Mum tripped on a rough piece of pavement and fell flat on her face on 20th Street. She was miraculously unharmed. I think she was trying to scare me into labour, but it hasn’t worked yet. I’m kind of bummed, because to balance out Claire’s Christmas birthday I was hoping to have Jules on Halloween or, failing that, the Fifth of November (“Gunpowder treason and plot!”) I guess the next respectable candidate is Remembrance Day, November 11: and in fact that is her due date. Stay, as ever, tuned.

apparently we’re doing daily puns now

R: She reminds me so much of her cousin Kelly. Especially when she does that naughty little chuckle.

C: Chuckle? (then, hopefully) Chocolate?

are they supposed to be punning at two?

After the Korean man’s story and the lost children of Hurricane Katrina, I taught Claire this little call-and-response:

“What’s your name?”

“Claire Fitzhardinge.”

This morning she climbed into bed with footless pajamas and icy little feet. She tucked her feet under my warm belly and said happily:

“Claire feets hiding.”

mi mamacita is IN DA HOUSE

Picked Mum up from the airport this morning. She flew business class and looked dewy and fresh, straight off the plane. As I drove her to the B&B I pulled over – imagine a screeching of tires, though there was none – and said “Here’s someone I’d like you to meet!” Blanca was walking Milo and Claire to the playground. Claire hurtled into my arms, and I presented her for inspection.

“My grand-daughter!” said Mum.

“Kiss for Gemma?” I asked Claire.

“No,” said Claire, curling into my neck.

Mum was very cool about it. “Don’t push her,” she said. We hung out at the playground for a while, and Claire included Mum in a game; later, Claire thanked Mum for her new pink cardigan. But wasn’t until Mum had gone back to the B&B, and Claire and I were walking down to the Peruvian restaurant for dinner, that Claire had a chance to reflect on her day.

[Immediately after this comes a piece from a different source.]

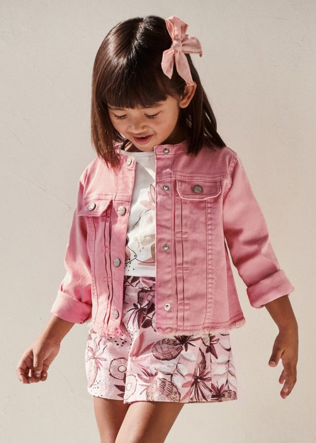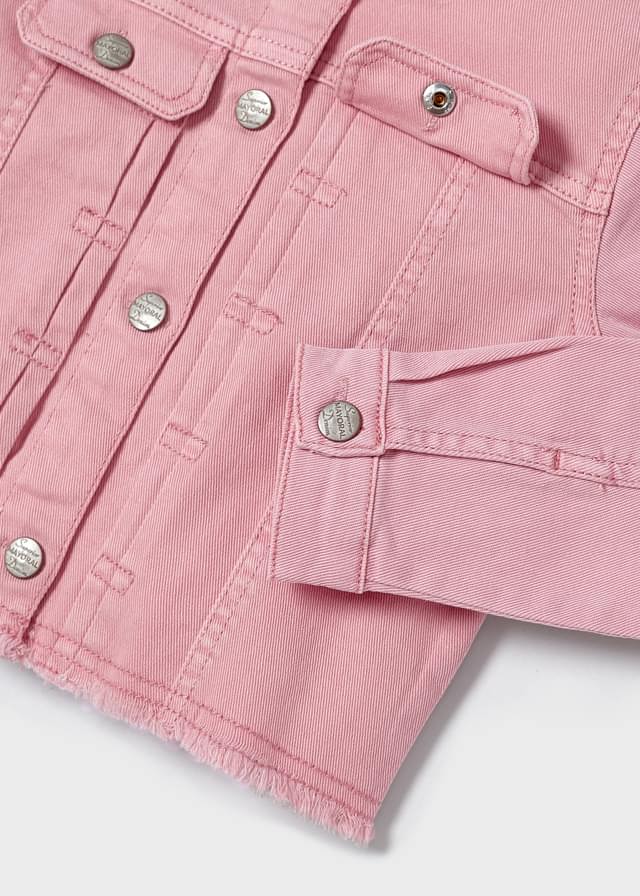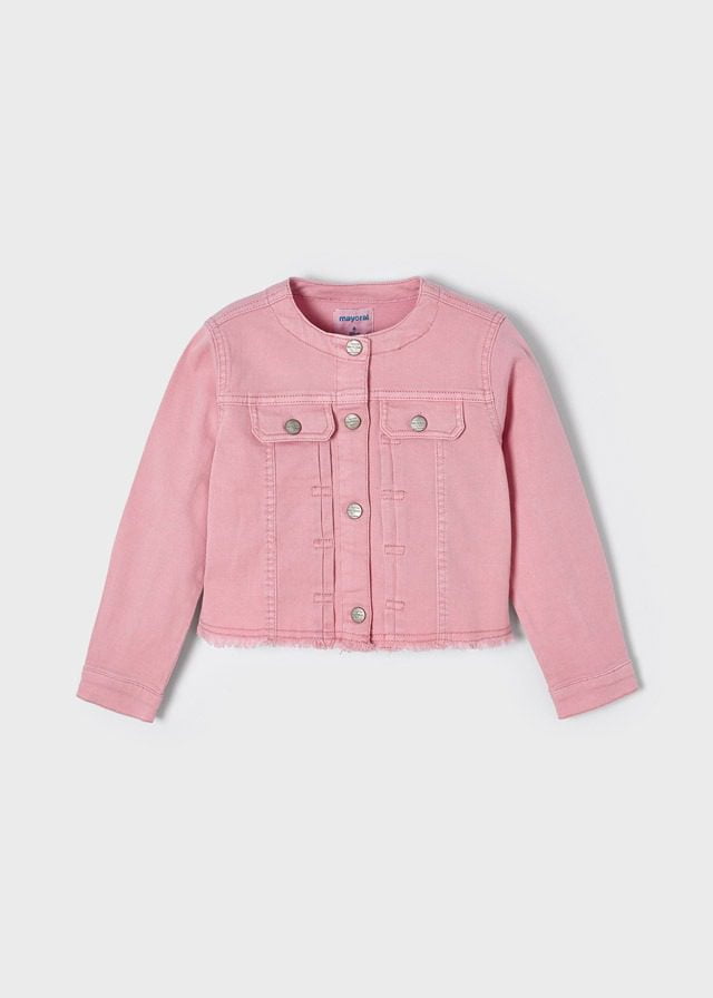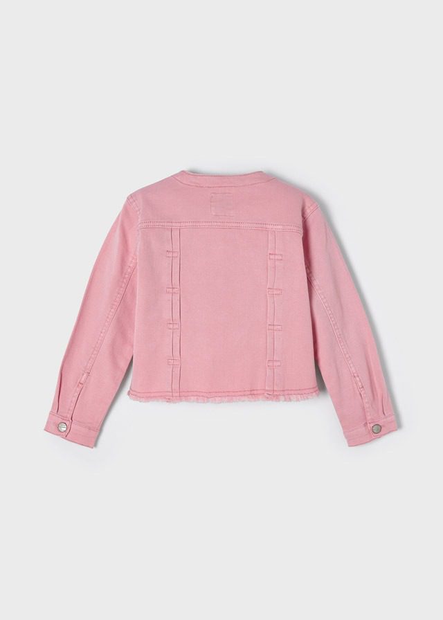 Dievčenská rifľová bunda na cvoky bez goliera Mayoral staroružová blush
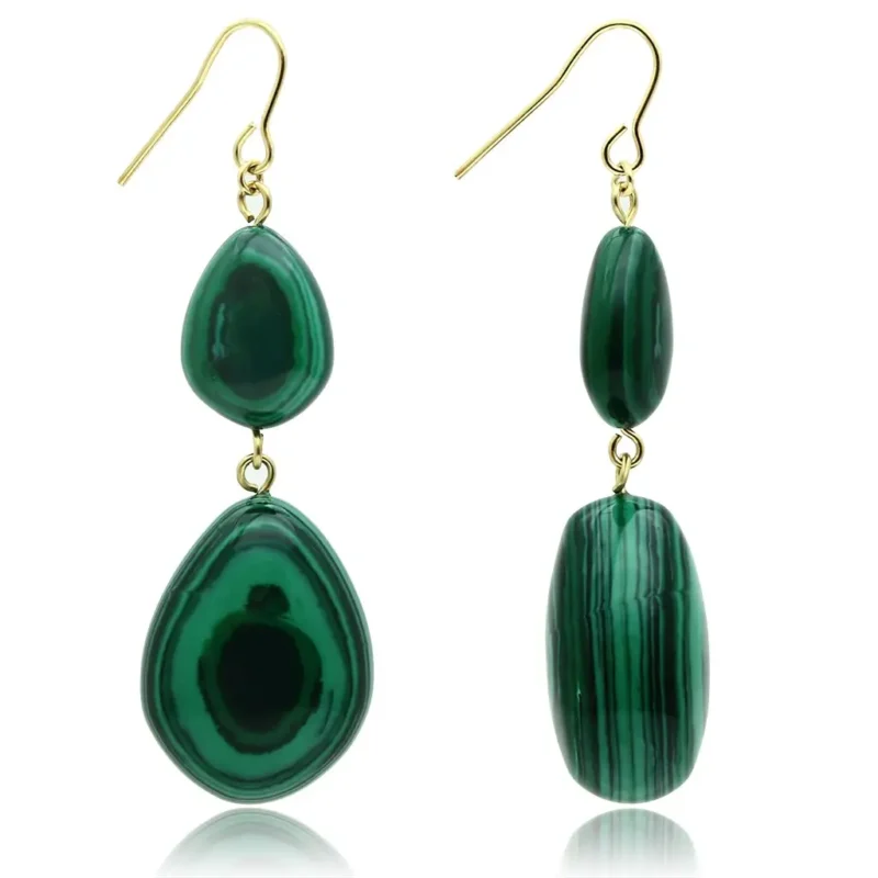 Elegant Gold Brass Earrings with Emerald Green Synthetic Malachite – Shop Now

“Cardigan so pretty,” she said, admiring it. “It’s so great.”

“Gemma will be glad you like it.”

“Gemma tomorrow?”

“Yep.”

“Hi Gemma!”

“She’ll be so thrilled if you say that!”

Claire thought for a minute, then said: “I love you Gemma!”

Be warned. If she gets up the nerve to say it to Mum’s face, the universe will explode in cascades of rainbows and unicorns.